Let $\left[{a \,.\,.\, b}\right) \subset \R$ be a half-open interval of $\R$.

Then $\left[{a \,.\,.\, b}\right)$ is not a closed set of $\R$.

Similarly, the half-open interval $\left({a \,.\,.\, b}\right] \subset \R$ is not a closed set of $\R$.



$A := \R \setminus \left[{a \,.\,.\, b}\right) = \left({-\infty \,.\,.\, a}\right) \cup \left[{b \,.\,.\, \infty}\right)$

Let $A:= \left({-\infty \,.\,.\, a}\right)$ and let $B := \left[{b \,.\,.\, \infty}\right)$.

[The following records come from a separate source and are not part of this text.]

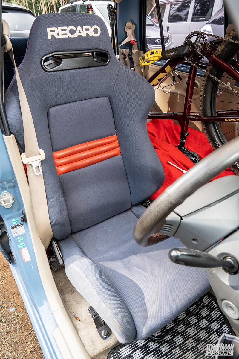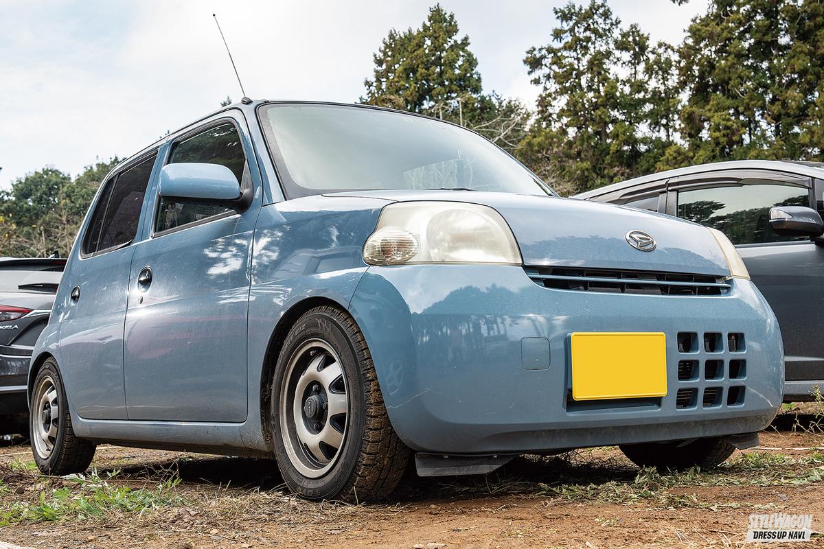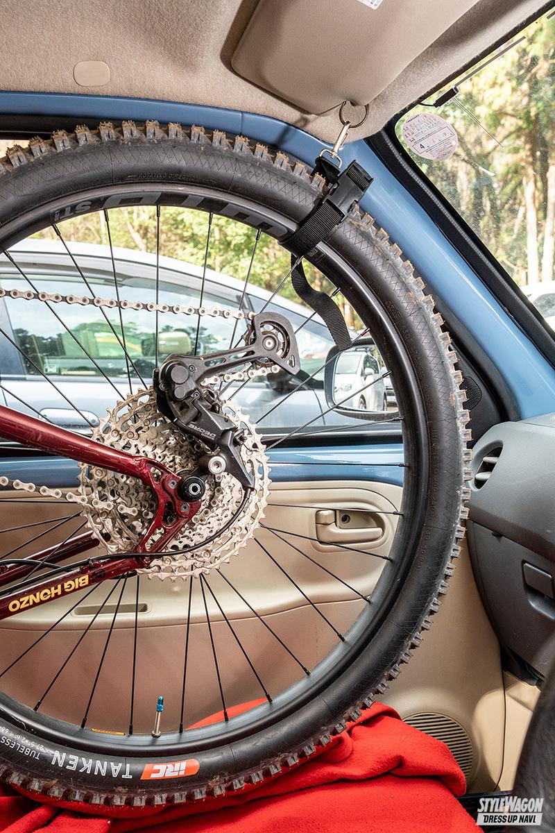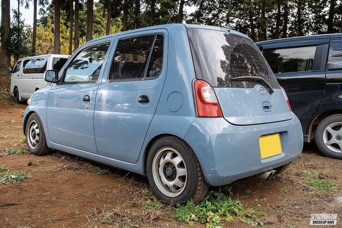 Kカー、しかも背の低いエッセで、どう自転車を積むのか? 最初に取材陣が感じた疑問だ。助手席が倒れているから車内だろう。しかし……。オーナーを直撃すると「知恵の輪みたいです。結構考えました」とのこと。前輪を外してさかさまに、後ろのドアから挿入(?)。上手に向き・角度を調整しながら……。その光景はさながら匠の技。クルマの方も個性的で、懐かしのカップホイールに、ムーヴのミッションに載せ換え、センター出しマフラーと個性的だったゾ!
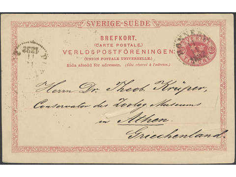 Sweden. Postal stationery, Single postcard, Facit bKe13, Postcard 10 öre sent from RONNEBY 11.11.1892 to Greece. Two small cuts in the card. Unusual destination this early.
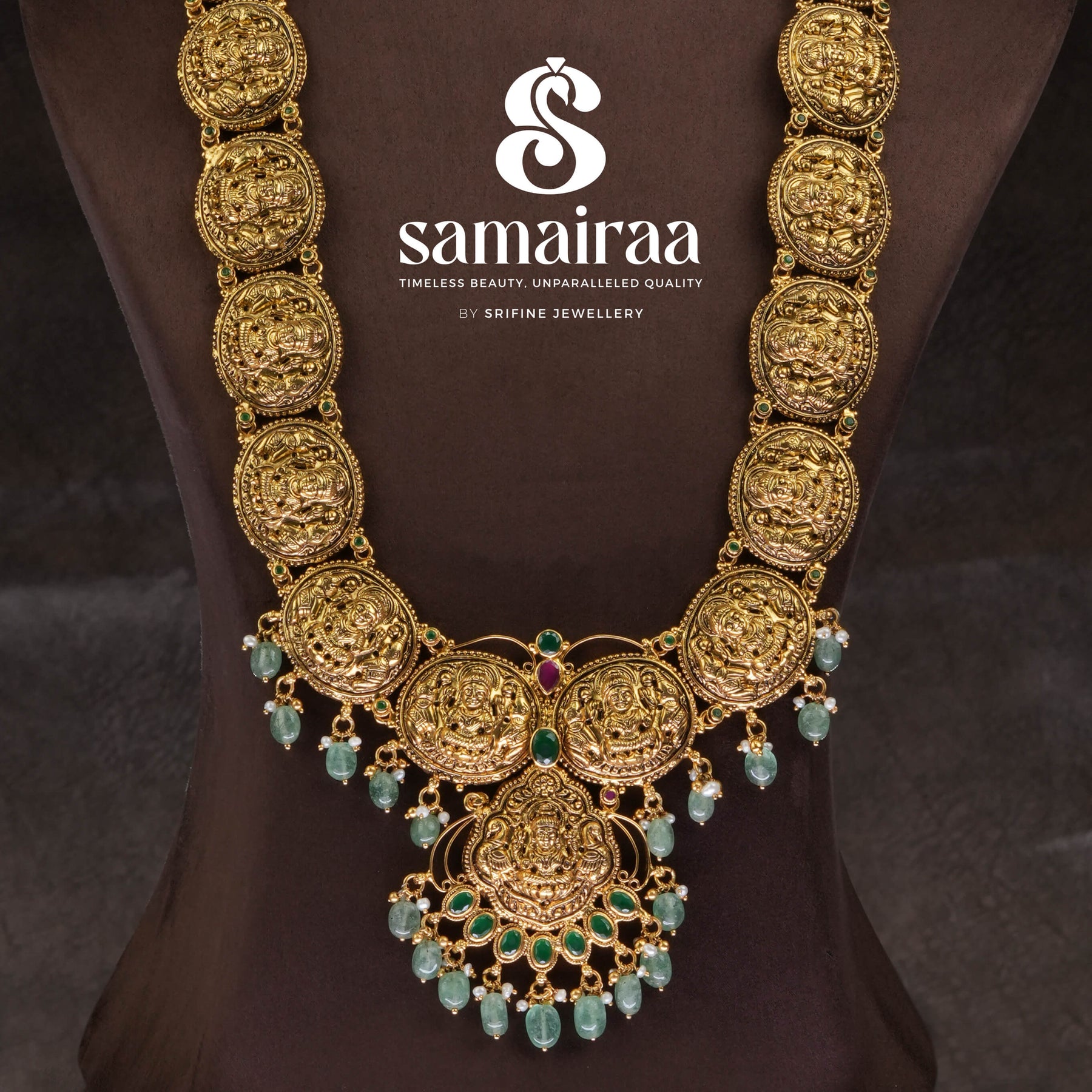 Crafted from 92.5% pure silver, this Temple Nakshi Necklace embodies Indian heritage with its intricate, handcrafted design that mimics the rich look of gold. Its traditional motifs and one-of-a-kind artistry make it a timeless piece, perfect for those who appreciate authentic craftsmanship and cultural elegance.
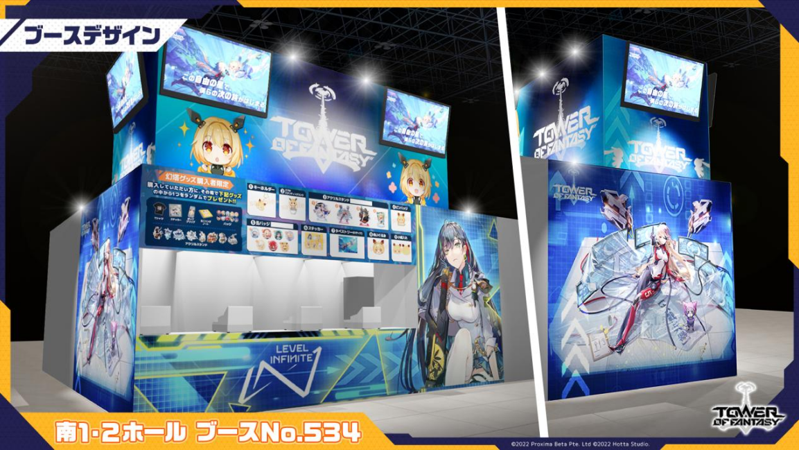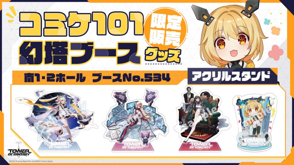 出展ブースでは、人気キャラクターのアクリルスタンドを含む全11種類の幻塔限定グッズを先行販売するほか、期間限定の購入者限定キャンペーンも第1弾・第2弾に分けて行います。また、出展ブースのイメージ図を併せて公開します。凛夜(リンヤ)とネメシス、Mi-aが大きくデザインされたブースとなっていますので、当日は彼らを目印に『幻塔』ブースへお越しください。
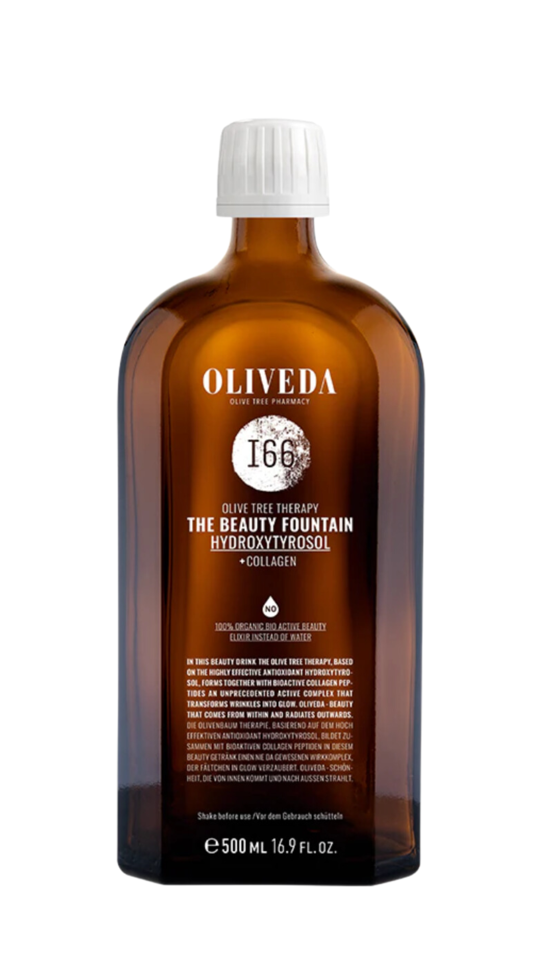 ¡LA REVOLUCIÓN DE LA BELLEZA! La dosis diaria de belleza para una piel más fina, más rosada y más firme, 60% de aumento en la elasticidad de la piel, reducción significativa de arrugas después de solo 4 semanas, hasta un 60% más de colágeno en las células después de solo 4 semanas, reducción de la celulitis después de 3 meses, uñas más saludables y fuertes y un sistema inmunológico fortalecido. The Beauty Fountain ofrece un poder anti envejecimiento holístico y protección celular de alto nivel, para una belleza desde adentro que brilla hacia afuera. The Beauty Fountain combina hidroxitirosol con péptidos de colágeno bioactivos, que contrarrestan el proceso natural de descomposición del ácido hialurónico y colágeno en las células y al mismo tiempo estimulan su nueva producción. Además, el extracto del potenciador de vitamina C Camu Camu y los fitoestrógenos de la granada crean sinergias naturales con los ingredientes activos principales. Para uso interno. Tomar un vaso medidor de 17,5 ml por la mañana o por la noche entre comidas. Te recomendamos un uso durante un período de al menos 6 a 10 semanas, estudios han demostrado que el contenido de colágeno en el cuerpo se reabastece completamente después de un tratamiento de 3 meses. Almacenar la botella en el refrigerador después de abrirla.
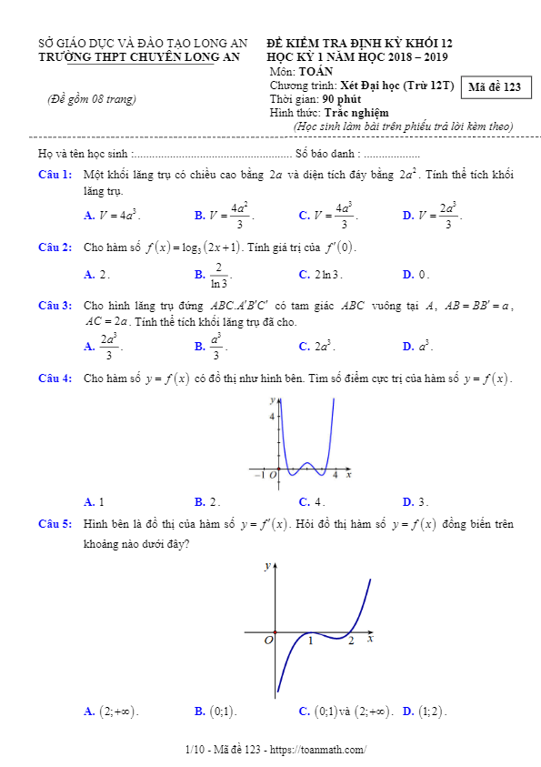 Đề thi học kỳ 1 Toán 12 năm 2018 – 2019 trường THPT chuyên Long An
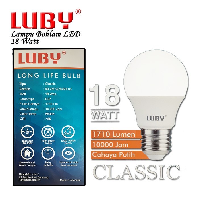 Luby Classic 18 Watt Bohlam LED Lampu Rumah Super Terang
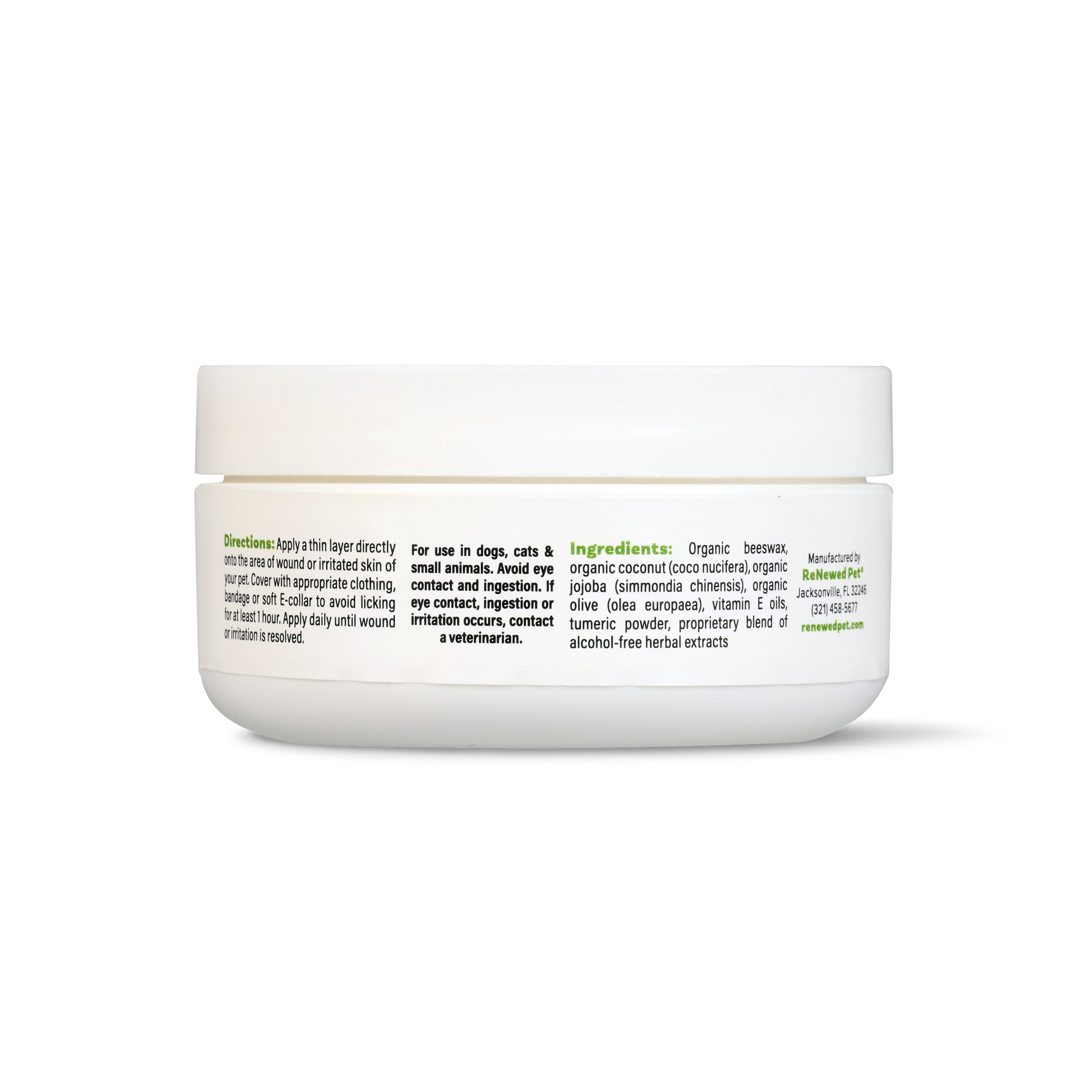 ReNewedPet® Healing Skin Salve: This all natural skin salve is made from only the best all natural, non gmo, and organic ingredients! This salve uses natural organic oils, beeswax, and specially selected healing pet-safe herbal extracts which in combination, work to naturally heal wounds from the inside out. This healing salve can be used on all breeds of pets; cats, dogs and small animals, as well as those pets with or without fur. Ideal for all heal wounds, burns, irritations, rashes and to help prevent scars from deep wounds.
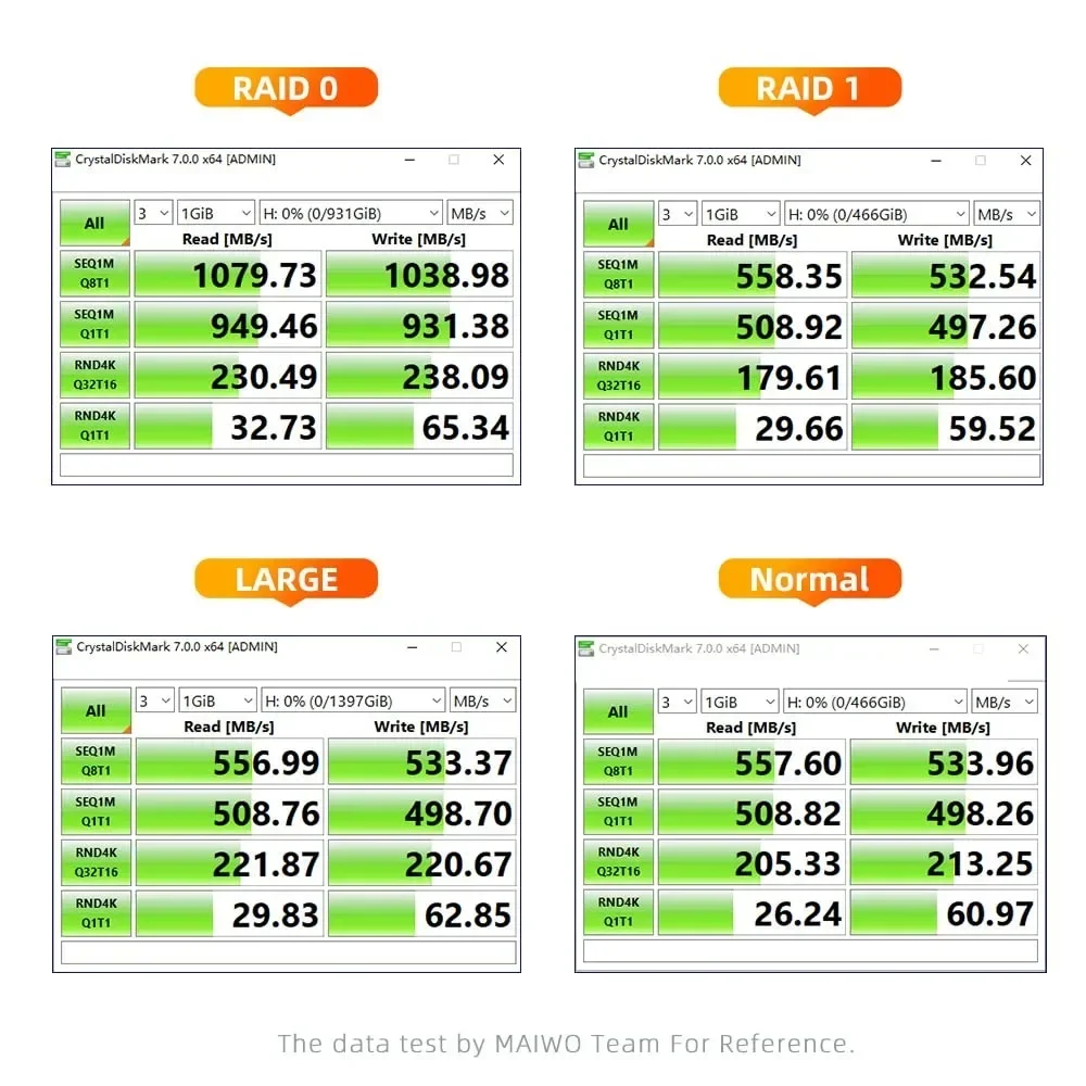 RAID 1: dos HDD en la carcasa del HDD pueden hacer una copia de seguridad entre sí, no pueden mejorar su rendimiento (velocidad de lectura y escritura), y puede admitir la función de autorrestauración (los modos RAID 0 no pueden admitir esta función), lo que hace que los archivos se puedan restaurar cuando se producen errores y fallas.
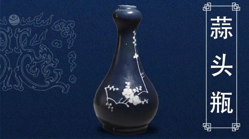 蒜头瓶。最早见于商周时期的青铜器,后世被瓷器替代,明清时期广为流行。起初瓶口部有类似蒜瓣状等分凸起,也因此而得名,至明代逐渐简化,口部已完全类似球形。细颈、溜肩、圆腹,底部有圈足,通常器型较小。

Let $B_\epsilon \left({b}\right)$ be the open $\epsilon$-ball of $b$.

We have that $b - \epsilon < b$ and so $B_\epsilon \left({b}\right) = \left({b - \epsilon \,.\,.\, b + \epsilon}\right)$ does not lie entirely in $\left[{b \,.\,.\, \infty}\right)$.

Now $b - \epsilon$ may itself lie in $A$.


$\left[{a \,.\,.\, b}\right) \cap B_\epsilon \left({b}\right) \ne \varnothing$

and so there are elements of $B_\epsilon \left({b}\right)$ which are not in $\left({-\infty \,.\,.\, a}\right) \cup \left[{b \,.\,.\, \infty}\right)$.

So $\left({-\infty \,.\,.\, a}\right) \cup \left[{b \,.\,.\, \infty}\right)$ is not an open set of $\R$.

Thus, by definition, $\left[{a \,.\,.\, b}\right)$ is not a closed set of $\R$.

Hence the result.

Mutatis mutandis, the argument also shows that $\left({a \,.\,.\, b}\right] \subset \R$ is neither an open set nor a closed set of $\R$.